Punjab Kings
- Coach: Anil Kumble
- Captain: Mayank Agarwal
- Ground(s): Inderjit Singh Bindra Stadium, Mohali
- 2022 Indian Premier League: 6th
- Most runs: Shikhar Dhawan (460)
- Most wickets: Kagiso Rabada (23)

= 2022 Punjab Kings season =

Indian Premier League cricket team season

The 2022 season was the 15th season for the Indian Premier League franchise Punjab Kings.

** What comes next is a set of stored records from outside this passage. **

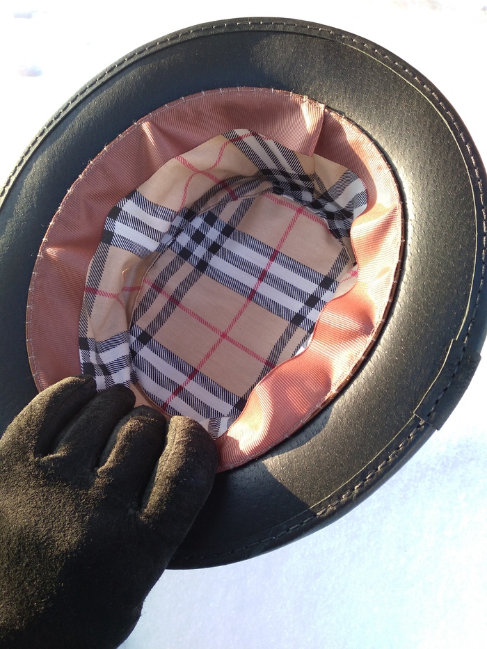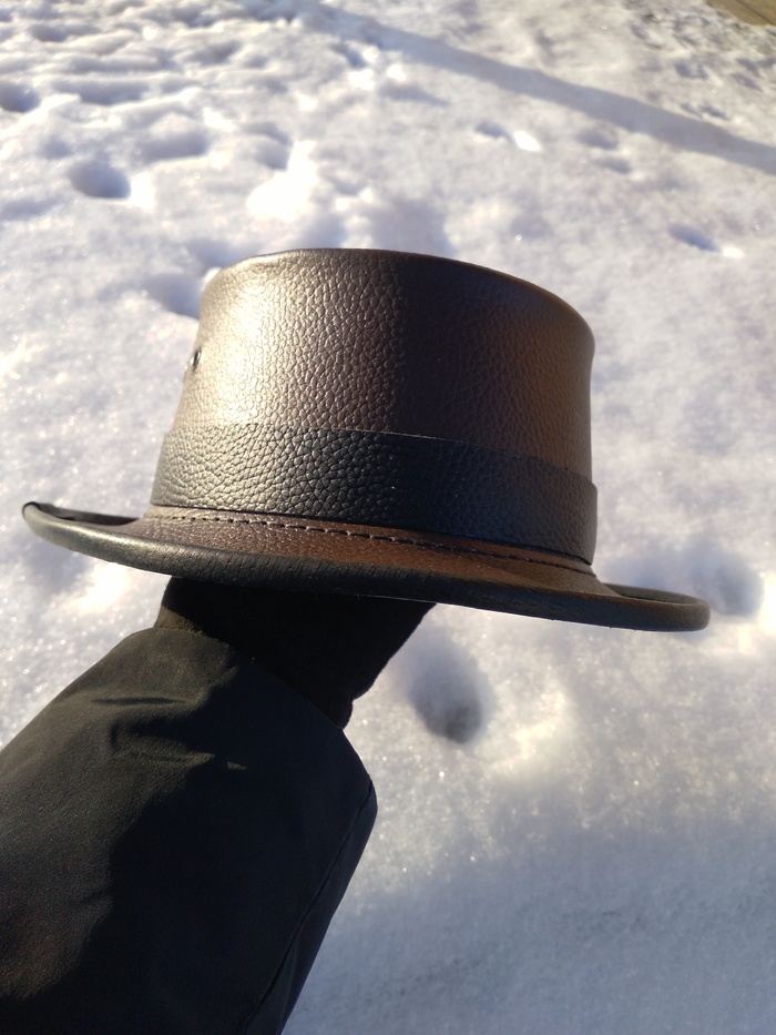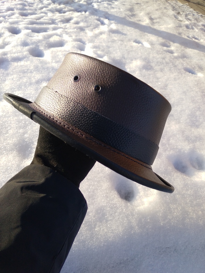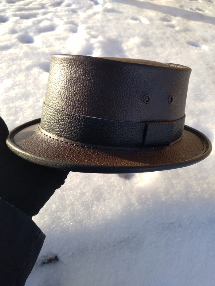 Дошила сегодня шляпу поркпай для заказчика из Питера. Человек сам выбрал кожу и прислал ее мне для пошива. Кожа двусторонний флотер, неожиданно жесткий и тонкий. Думаю, что кожа очень недорогая, ну хозяин барин, как говорится. Сшила купол и поняла, что шляпа получается очень бутафорского вида что ли, тонкая, пластиковая какая-то из-за этого полиуретана с двух сторон. Не нравится мне совсем. На день отложила пошив, думала, что предпринять. Чуть затонировала черной краской края, уже неплохо. Поля тонкущие, ужас, продублировала черной свиньей, нормально получилось. Шляпу собрала, снаружи норм, внутри пластик. Клиент без волос на голове, как представила, как лысина будет в этом пластике себя чувствовать, аж холодно стало. Сшила хлопковый подклад, благо осталось еще много ткани в запасе от предыдущего изделия , и нашила репсовую ленту по окружности головы. Вот пазл и сложился. 😊
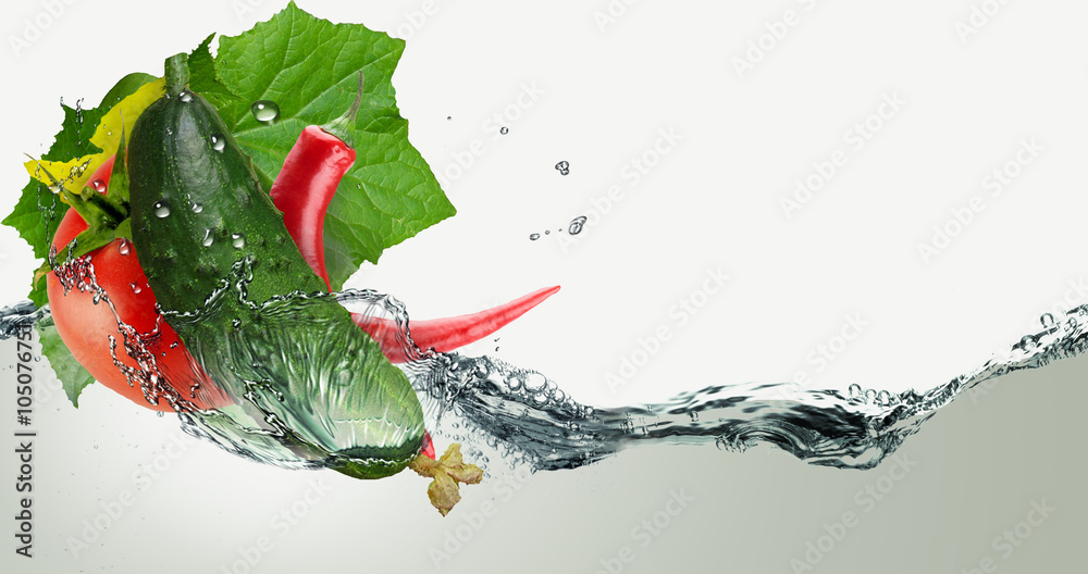 Fotografie Cucumber, tomato and pepper in a spray of water.
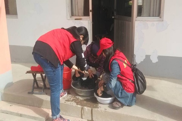 老人见到志愿者都非常地开心,亲切地与他们交谈,志愿者也十分热心,帮老人洗衣服,打扫院子等。和老人的聊天过程中我们了解到老人的基本情况,他们见到志愿者就像见到自己的孩子那般想要亲近,这也使志愿者关爱老人的活动有了更大的意义,给老人们送去一份温暖,弘扬了“奉献、友爱、互助、进步”的志愿精神。
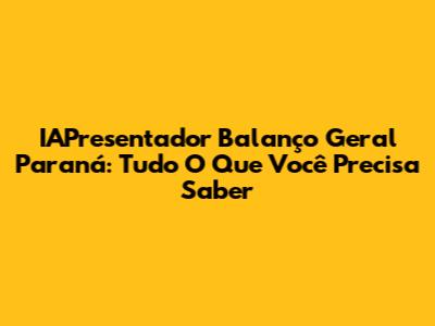 IAPresentador Balanço Geral Paraná: Tudo O Que Você Precisa Saber
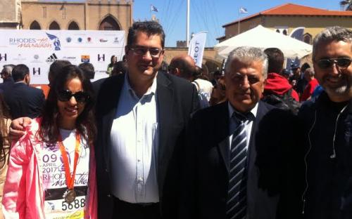παρακολούθησε τους αγώνες του 4ου Μαραθωνίου που πραγματοποιήθηκε στην πόλη της Ρόδου με μεγάλη συμμετοχή αθλητών από την Ελλάδα και το εξωτερικό.
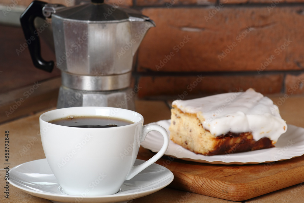 Coffee Cup and Cheesecake. Breakfast.
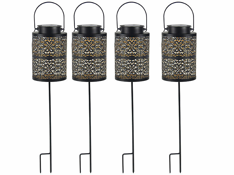 Lunartec LED Solar Laterne außen: 4er-Set Metall-Solar-Laternen stehend, hängend & mit Erdspieß, IP44
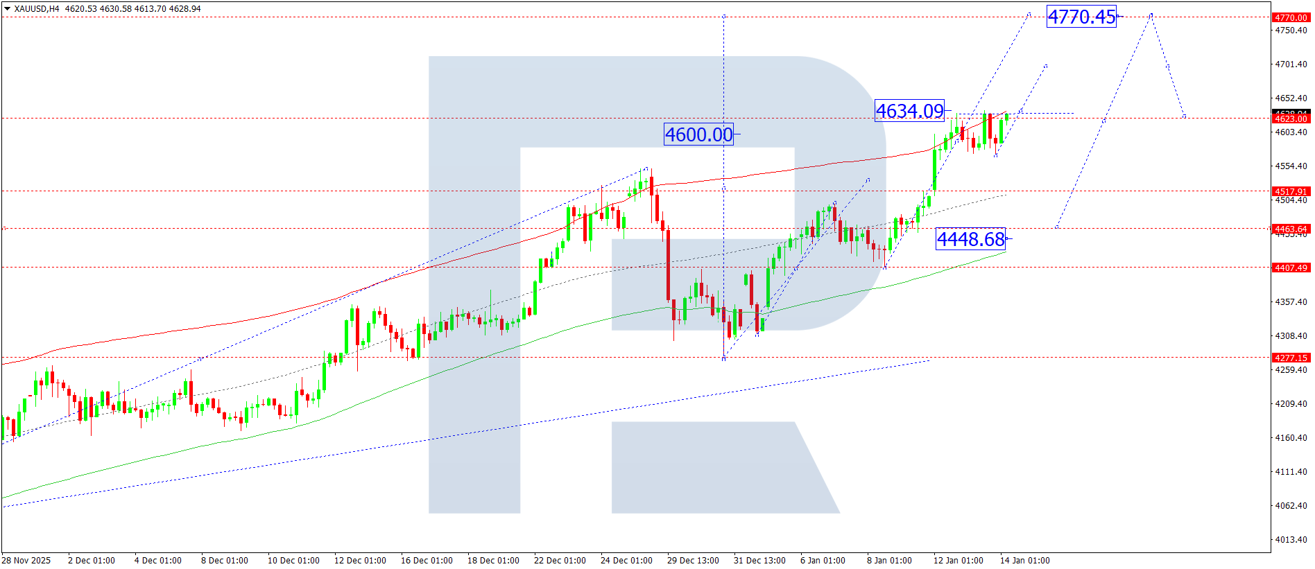 On the XAUUSD H4 chart, the market broke above the 4,644 level and continues the upward wave towards 4,770. Today, 14 January 2026, this target level is expected to be reached. This is a local target. Further, a correction towards the 4,633 level could begin.
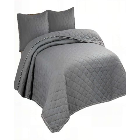 Genérico - Cubrecamas Con Bordes De Pompon King Color Gris | Lider Electrohogar
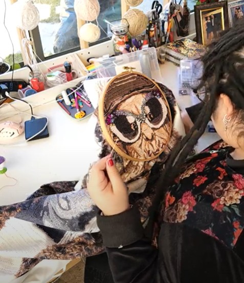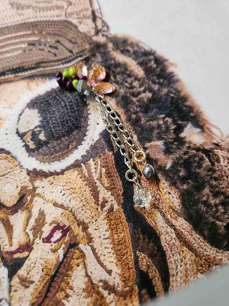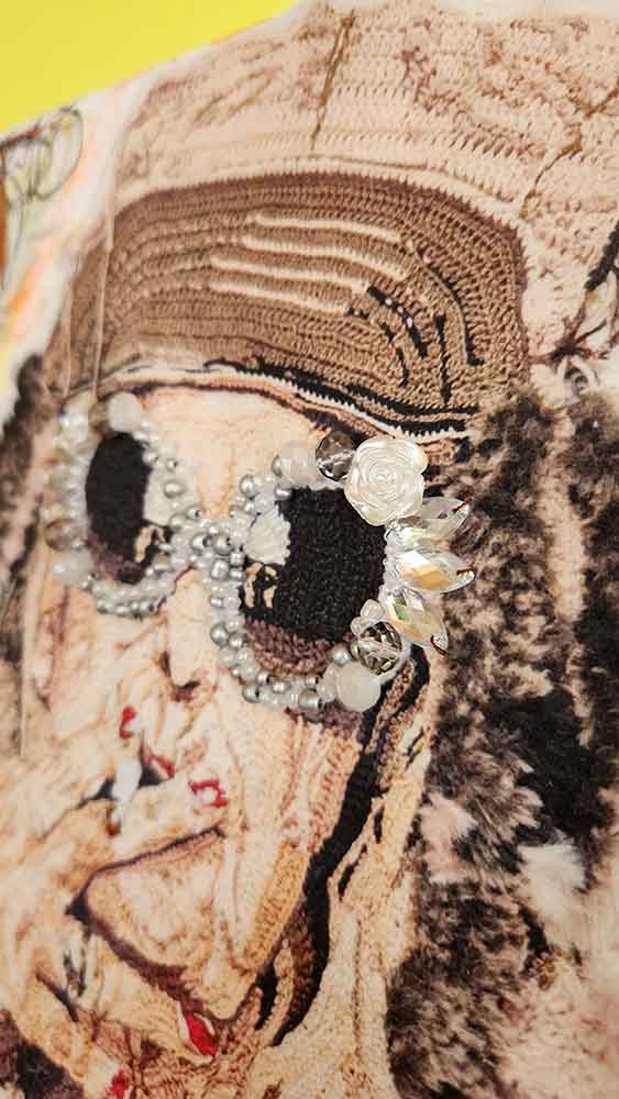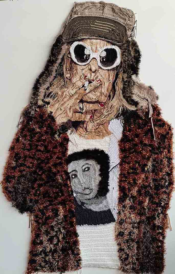 Cecilia eligió representarla usando su técnica de crochet, pero de una manera muy distinta a lo tradicional: aquí el tejido no es suave ni decorativo, sino que está trabajado con texturas fuertes y expresivas. La figura lleva una chaqueta llamativa, gafas grandes y está fumando, transmitiendo esa imagen de “diva” que no tiene miedo a mostrarse tal como es.

They were one of the ten teams to compete in the 2022 Indian Premier League.

==Background==
The franchise chose to retain two players ahead of the 2022 mega-auction.

- Retained
  Mayank Agarwal, Arshdeep Singh
- Released
  KL Rahul, Chris Gayle, Darshan Nalkande, Harpreet Brar, Mandeep Singh, Mohammad Shami, Murugan Ashwin, Nicholas Pooran, Sarfaraz Khan, Deepak Hooda, Ishan Porel, Ravi Bishnoi, Chris Jordan, Prabhsimran Singh, Dawid Malan, Riley Meredith, Jhye Richardson, Shahrukh Khan, Jalaj Saxena, Moises Henriques, Utkarsh Singh, Fabian Allen, Saurabh Kumar
- Acquired at the auction
  Shikhar Dhawan, Kagiso Rabada, Jonny Bairstow, Rahul Chahar, Shahrukh Khan, Harpreet Brar, Prabhsimran Singh, Jitesh Sharma, Ishan Porel, Liam Livingstone, Odean Smith, Sandeep Sharma, Raj Angad Bawa, Rishi Dhawan, Prerak Mankad, Vaibhav Arora, Writtick Chatterjee, Baltej Dhanda, Ansh Patel, Nathan Ellis, Atharva Taide, Bhanuka Rajapaksa, Benny Howell.

== Squad ==
- Players with international caps are listed in bold.
Squad strength: 25 (18 - Indian, 7 - overseas)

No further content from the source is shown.